My first reaction to his posting was that it misdiagnosis the forces which undermine blogging in a corporate context. The sticks he shows people getting hit with are big sticks; fines, firings, etc. Yes that happens, but long before that happens much smaller sources of negative feedback come into play.

I was often bemused at how, when I worked for a large firm, my colleagues would project their circumstances into my blog postings. Sometimes that could get downright dangerous though. Particularly if they believed I was revealing some secret. Sometimes it was a secret I didn’t even know!

The human mind is amazingly willing to draw analogies between this and that.

One of Scott’s examples is a club fining a member for airing dirty laundry. One of the functions of a club is to create a bubble of privacy. That privacy allows the club to efficiently resolve problems without engaging the entire planet in the dispute resolution. Members that shift the venue of dispute resolution out of the club, into another domain, violate club loyalty and should expect to bear a cost when they do that. It’s romantic nonsense to pretend that isn’t the case.

Corporations are full of such bubbles. Managing them is the greatest puzzle of middle management. Superiors pay subordinates to solve problems; they don’t pay them to advertise or up level those problems. It’s very difficult for teams to find the right balance between keeping the problems inside the bubble where they can be worked on efficiently and revealing them more widely so they can find aid and help from others. That’s made doubly subtle due to the nested and overlapping of these bubbles. One striking example of that is corporate law. There are very strict rules about how news can be revealed if a company is publicly traded. There is always a strong undertow of competitive one-upmanship going on. Gossip and frivolous and/or cruel point scoring. It’s amazing information flows at all in large organizations.

Of course, we are traveling thru a very major shift in how we talk to each other.

Yeah, some of the reaction to blogging is just Luddite fear of new technology. I’ve certainly seen middle managers of that kind. They reaction to the idea of blogging as a scheme to displace them from their seat in control of the story. Spinning a yarn for peers and superiors. Such dudes are dinosaurs.

But behind that is something deeper and more fundamental, a shift in how the bubbles of private spaces are managed.

The talented middle manager runs a very complex communication membrane around his group. That talent was learned over years and years of practice – lots of little sticks and carrots. Most people don’t have these skills. People without these skills often assume the skills are evil. That’s a puzzle. Just as we are being forced to re-architect how that craft is performed a large number of folks dis those most expert in the craft.

The build out of corporate blogging will be slow. Two groups need to climb a steep learning curve. The organizations need to discover why this is a good thing. They will need to discover rules that allow them to manage it – paxis. But also the corp. bloggers will need to learn at least a gallon or two of the 55 gallon drum of knowledge a talented middle manager knows.

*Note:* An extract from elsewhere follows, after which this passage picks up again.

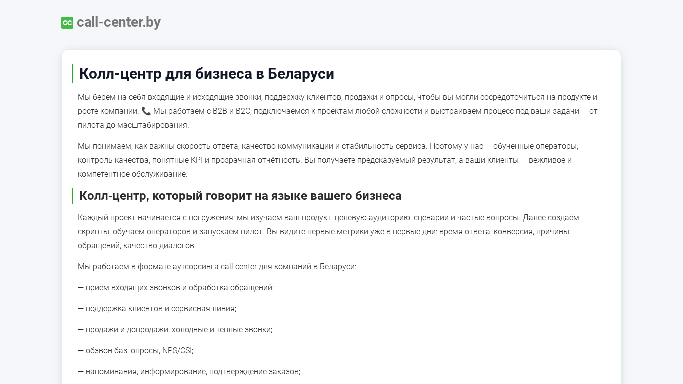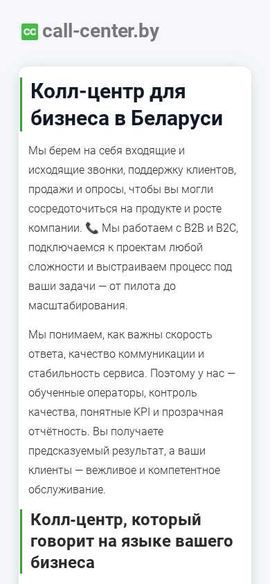 | Название / Заголовок | call-center.by — колл-центр для бизнеса в Беларуси |

0 thoughts on “Corp. Blogging

  1. Rohit Gupta

    Corporations are eventually going to treat blogs as if they were websites, commenters as if they were eyeballs. They’re going to promote blogs like they do websites.

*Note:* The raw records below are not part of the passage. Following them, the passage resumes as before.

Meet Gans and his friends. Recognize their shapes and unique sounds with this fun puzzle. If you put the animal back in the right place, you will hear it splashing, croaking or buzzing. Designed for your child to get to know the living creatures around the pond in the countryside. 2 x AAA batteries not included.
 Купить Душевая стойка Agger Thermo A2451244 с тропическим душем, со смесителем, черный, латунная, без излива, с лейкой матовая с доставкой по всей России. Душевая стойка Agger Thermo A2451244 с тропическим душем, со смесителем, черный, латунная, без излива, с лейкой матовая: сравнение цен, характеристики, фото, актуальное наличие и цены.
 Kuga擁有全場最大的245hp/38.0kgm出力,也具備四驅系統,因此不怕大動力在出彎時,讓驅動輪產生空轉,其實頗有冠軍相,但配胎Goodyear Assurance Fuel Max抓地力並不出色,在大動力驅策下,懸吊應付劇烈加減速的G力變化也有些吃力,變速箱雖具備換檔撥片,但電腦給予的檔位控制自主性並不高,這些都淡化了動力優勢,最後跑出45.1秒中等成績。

    They’ll never get it. Besides, there is the Rule Of 150 in social networking: “The figure of 150 seems to represent the maximum number of individuals with whom we can have a genuinely social relationship, the kind of relationship that goes with knowing who they are and how they relate to us. Putting it another way, it’s the number of people you would not feel embarrassed about joining uninvited for a drink if you happend to bump into them at a bar.”